SportsData, a Minneapolis firm that collects and sells sports statistics, on Monday announced a new deal to handle real-time race data for NASCAR.

The company will tap into NASCAR's system of sensors and become the motor-sports governing body's official stats provider.

"We get the data directly from each of the tracks, and then we package it up in a way that's easier to consume, and sell it as official NASCAR data," said Dave Abbott, founder and chief operating officer of SportsData.

SportsData, which has 55 full-time employees and about 100 part-time workers, is in the Fifth Street Towers in downtown Minneapolis. The business got its start by hiring people to watch games on television, score them and then use software to repackage the data and sell it to fantasy sports leagues.

The company's clients also include Google, Bleacher Report, Facebook and the Pac-12 Conference. The firm was acquired in 2013 by Sportradar, a Switzerland-based supplier of real-time sports solutions.

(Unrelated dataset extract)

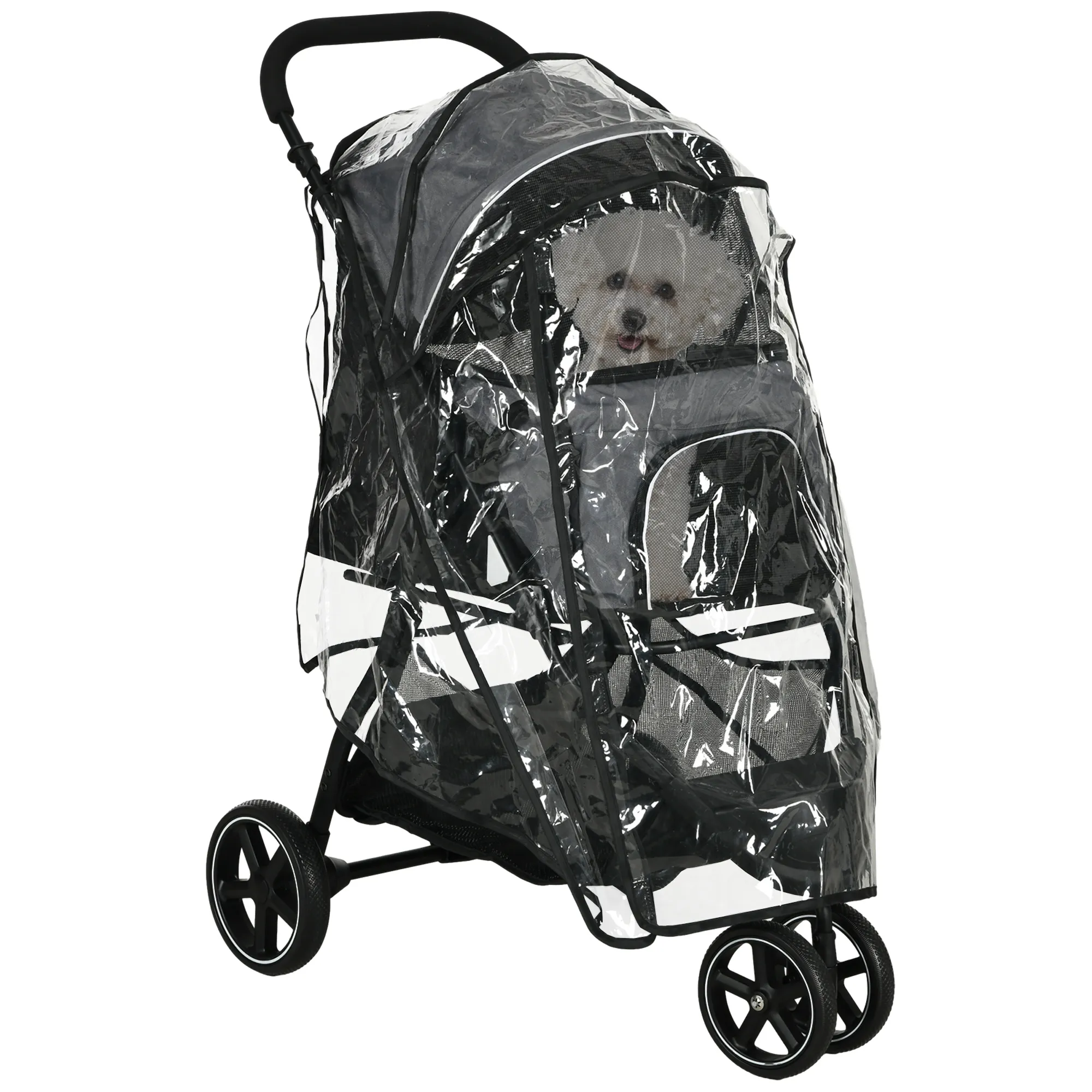 Hundebuggy Haustierwagen bis 10kg klappbar Regenschutz 2 Sicherheitsleinen 83cm x 55cm x 101cm Grau + Schwarz

Abbott said the company is hiring developers and data entry workers to score games. The firm relies on the fact that a broadcast sports event's stats become public domain. The firm's data entry analysts cover more than 40 sports, more than 800 leagues and more than 200,000 sports events each year.

With the NASCAR deal, however, the company will tap directly into the racing body's data and use its technology to repackage it.

"It's great exposure. I think it really validates us, and I think it's going to be a great sales opportunity," Abbott said. "NASCAR is a big-deal brand, and this is our first governing body."